▶ _WHAT YOU WILL DO_
From the first line to the last, restate the data exactly, leaving out the images.

▶ _RECORDED INFORMATION_
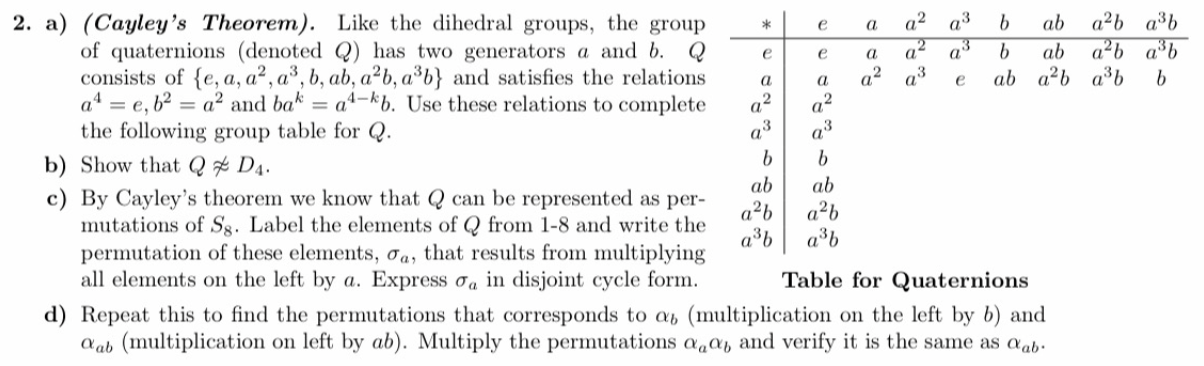 2. a) (Cayley's Theorem). Like the dihedral groups, the group * ...
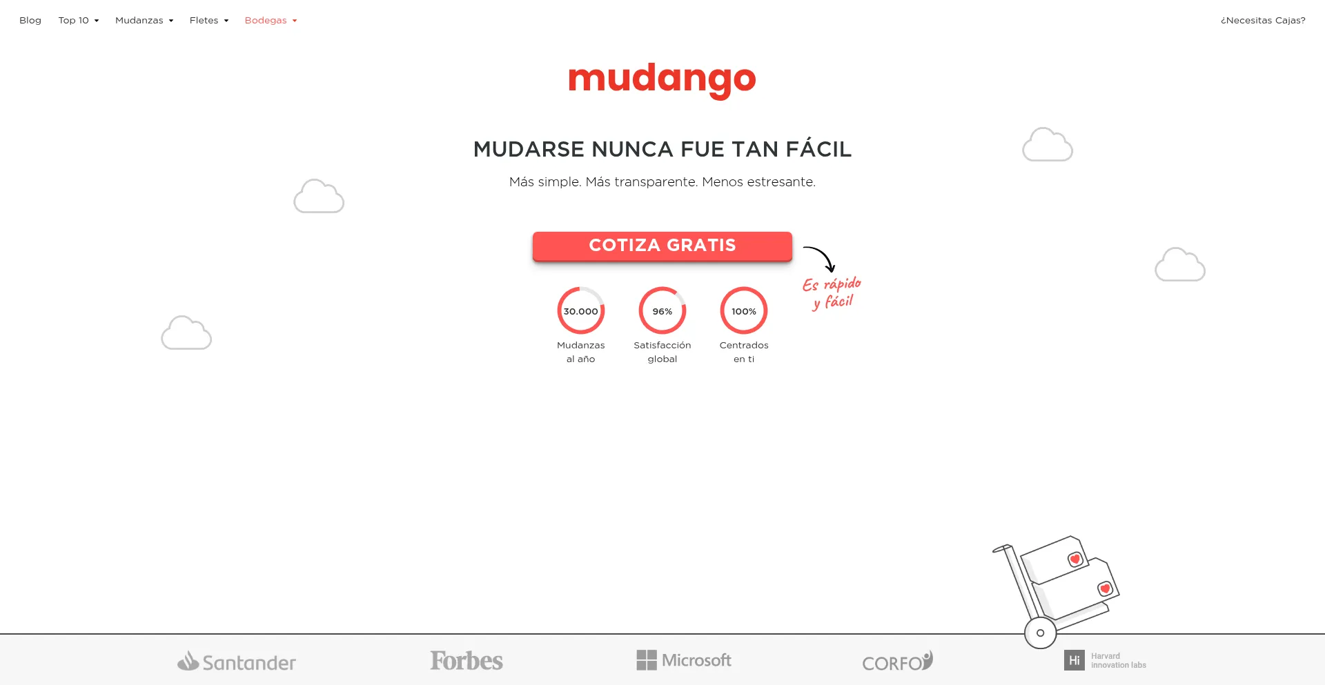 ¿Necesitas una mudanza o arriendo de bodega? ¡Estás en el lugar correcto! En Mudango, encuentras el servicio que necesitas, rápido, fácil y sin pagar de más.
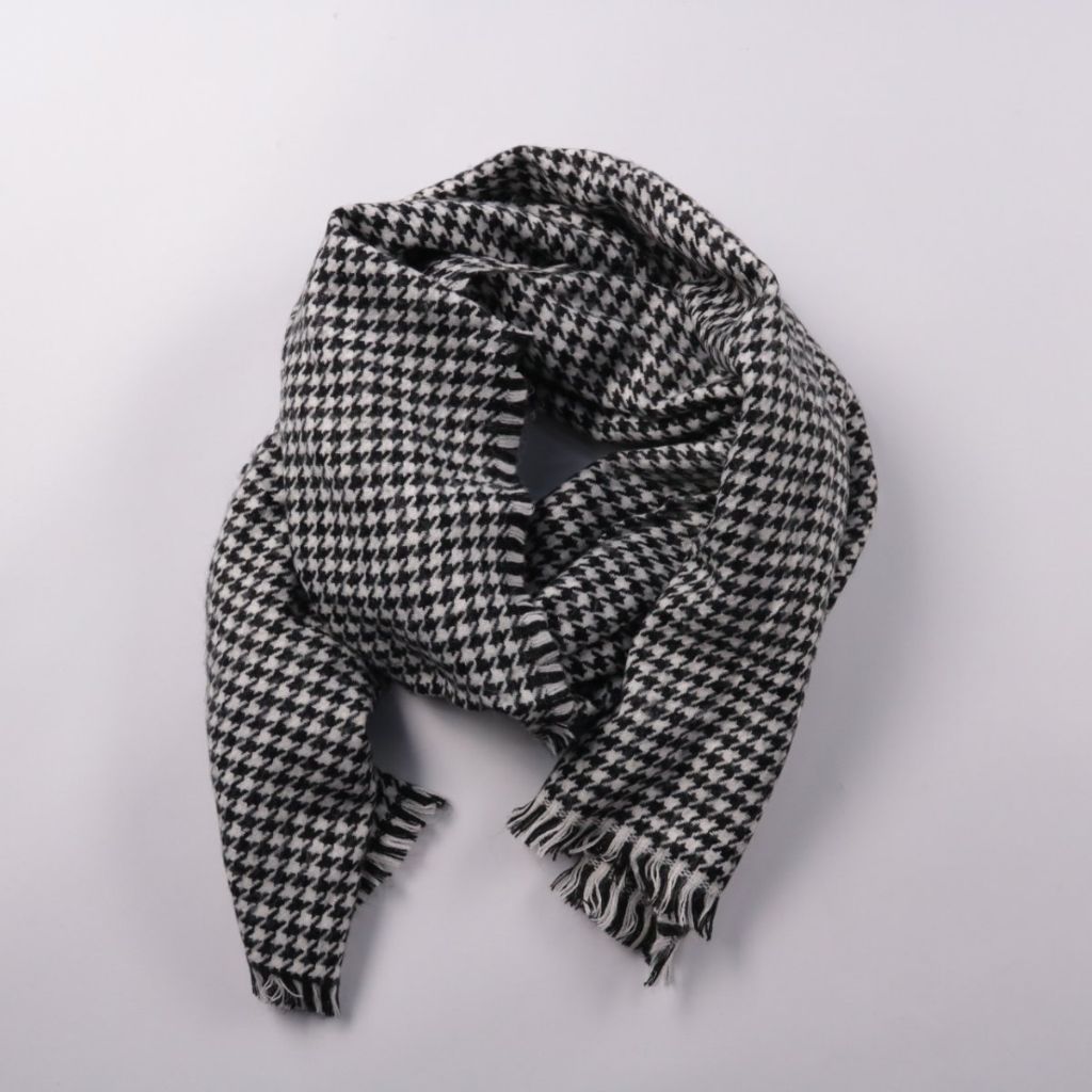 Шарф в чёрно-белую «гусиную лапку» с бахромой по краю. Подойдёт для повседневных и более строгих образов в прохладную погоду. Хорошо драпируется и удобно укладывается вокруг шеи.

▶ _TASK RESPONSE_
 2. a) (Cayley's Theorem). Like the dihedral groups, the group * ...
 ¿Necesitas una mudanza o arriendo de bodega? ¡Estás en el lugar correcto! En Mudango, encuentras el servicio que necesitas, rápido, fácil y sin pagar de más.
 Шарф в чёрно-белую «гусиную лапку» с бахромой по краю. Подойдёт для повседневных и более строгих образов в прохладную погоду. Хорошо драпируется и удобно укладывается вокруг шеи.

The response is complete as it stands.